Yeah, it might be worth investigating how it works if it gets changed back a bit, with the patches in this bug.  I don't think they were all happening at this particular place, but I could imagine a failure cascade from this bug that results in a real OOM.
Comment on attachment 817818 [details] [diff] [review]
Remove pldhash's 16M limit

Review of attachment 817818 [details] [diff] [review]:
-----------------------------------------------------------------

Fantastic detective work, bjacob!

But the patch is unsafe.  minAlphaFrac and maxAlphaFrac are 8-bit fixed-point fractions, and the way they are used only works up to a limit of 1<<24 elements.

Here's a test program I used to check this, which simulates the arithmetic:

#include <stdint.h>
#include <stdio.h>
int main(void)
{
    uint32_t size = 1 << 24;
    uint8_t min = (uint8_t)(0x100 * 0.25);
    uint8_t max = (uint8_t)(0x100 * 0.75);
    printf("%u, %u, %u\n", size, (size*min)>>8, (size*max)>>8);
}

The last line prints the table size, and the computed table min and max number of entries.  As written, the output is this:

  16777216, 4194304, 12582912

which is correct.  If you increase size to 1<<25 or higher, you get bogus results for the 2nd and 3rd values.  Basically, because things get shifted left by 8 bits and then shifted back, you need to have 8 spare high bits, and beyond 1<<24 you don't, at least not for uint32_t.

We could increase the size of {min,max}AlphaFrac, but that would increase sizeof(PLDHashTable) on 32-bit platforms from 32 bytes to slightly more than 32 bytes, and when that's heap-allocated jemalloc would round it up to 48 bytes, which is a bummer.
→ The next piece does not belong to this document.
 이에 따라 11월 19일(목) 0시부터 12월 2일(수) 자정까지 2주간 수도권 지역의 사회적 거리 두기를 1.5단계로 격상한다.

But why do we actually have {min,max}AlphaFrac?  They are in PLDHashTable so that you can modify the min/max loading of a table, via PL_DHashTableSetAlphaBounds().  But guess what -- nobody ever calls that function!  It's unused and unnecessary configurability.  So let's just remove them (and the tricky 8-bit fixed point arithmetic) and hardcode 0.25 and 0.75 as the min and max load factors.  I'm happy to write the patch that does this, if you like.
Attachment #817818 - Flags: review?(khuey)
Attachment #817818 - Flags: review?(dbaron)
Attachment #817818 - Flags: review?(brendan)
Attachment #817818 - Flags: review-
Depends on: 927705
Comment on attachment 817818 [details] [diff] [review]
Remove pldhash's 16M limit

I've spun off the increase-pldhash's-max-capacity part of this into bug 927705.
Attachment #817818 - Attachment is obsolete: true
Comment on attachment 817818 [details] [diff] [review]
Remove pldhash's 16M limit

There are some other things that would need to be fixed before doing this:

I think there still needs to be some code to fail sensibly in some edge
cases.  At the very least, SearchTable and FindFreeEntry doesn't handle
32-bit size (hashShift == 0, log2 == 32).
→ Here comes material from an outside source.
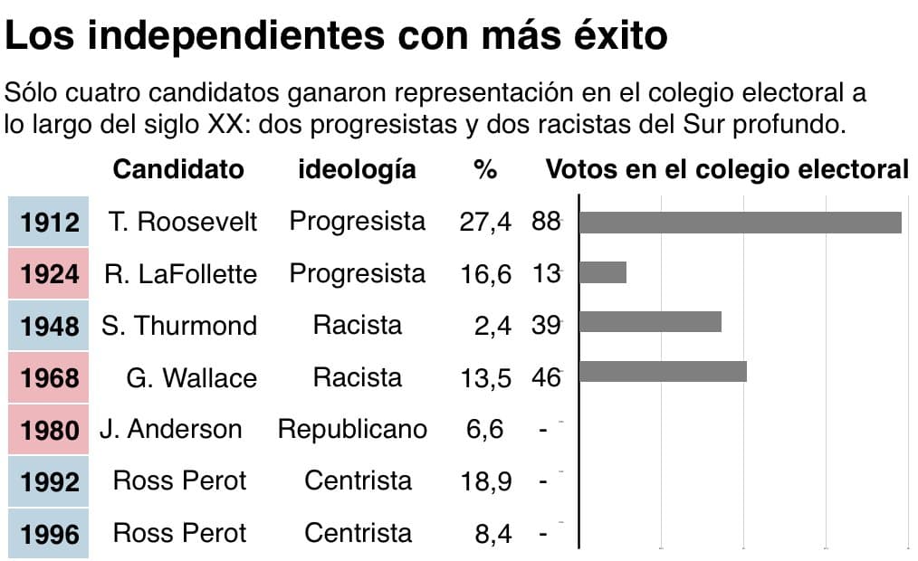 La candidatura como independiente de McMullin no es la primera en la historia, aunque a lo largo del siglo XX sólo cuatro aspirantes a presidente ganaron representación en el colegio electoral, entre ellos Teddy Roosevelt, quien en 1912 se lanzó como progresista.

It might also be worth asserting in ChangeTable that deltaLog2 is never
greater than 1.  (It can be less than -1, though.)  This assertion would
really be for documentation purposes -- the code would be insufficient
to handle growing to a more-than-current but less-than-requested size.
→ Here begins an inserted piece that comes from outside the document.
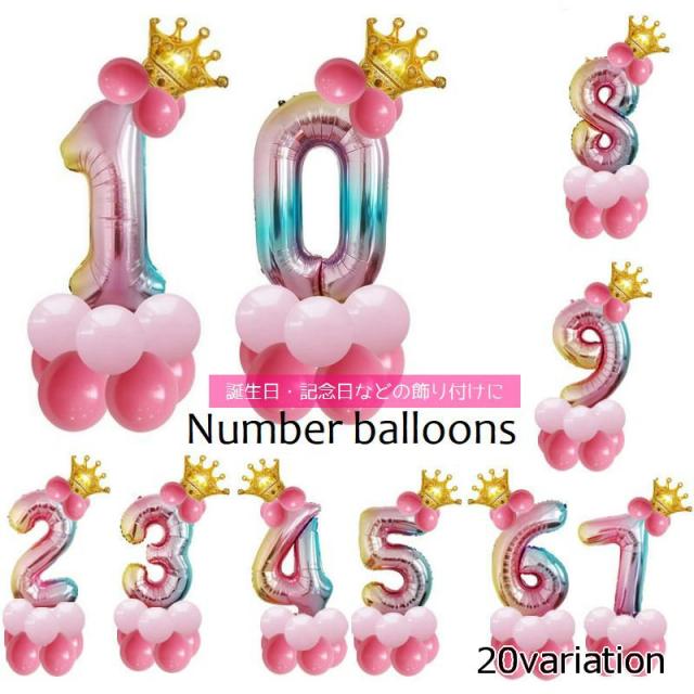 ナンバーバルーン 数字 アルミ風船 誕生日 記念日 飾り付け デコレーション 王冠 クラウン ユニコーン お子様 ペット カップ

The change you have also looks like it will introduce an integer overflow
bug in that, during an initialization with log2 / newLog2 equal to 32,
capacity/newCapacity would end up being (I think) 0, yielding a bogus
0 nbytes and the ability to stop on lots of memory.

So I think you still at the very least need to bail if log2/newLog2 is
32.
Attachment #817818 - Flags: review-
dbaron, see the patch I wrote in the spin-off bug 927705.  It increases the limit to 1<<30, which should be safe against the overflow cases you warned about.
Summary: Heavy, silent memory leak as the cycle collector runs into pldhash's 16M limit after browsing on some complex Web page → Heavy, silent memory leak as the cycle collector runs into pldhash's 8M limit after browsing on some complex Web page
Bug 927705, which increases pldhash's max capacity, has landed.  That should be enough to fix this bug, assuming the analysis is correct.  typedef or Earth4, can you try a mozilla-inbound/mozilla-central build and see if it has?  I tried to verify it, but I had trouble replicating the leak with a pre-927705 build.
If the present STR doesn't reproduce anymore, closing this bug now would require filing a follow-up bug for really fixing this in general. I had no trouble hitting the 8M limit everytime I load http://p3d.in/3axnM once, so I expect that a 64M limit won't be hard to hit with future testcases, possibly loaded more than once.
Hello,
just for notice, I've updated to the today last Nightly and still gets the same problem (https://bugzilla.mozilla.org/show_bug.cgi?id=925298).
Attached file Testcase for reference
Link to testcase
Still reproduces on m-i, haven't pulled m-c yet.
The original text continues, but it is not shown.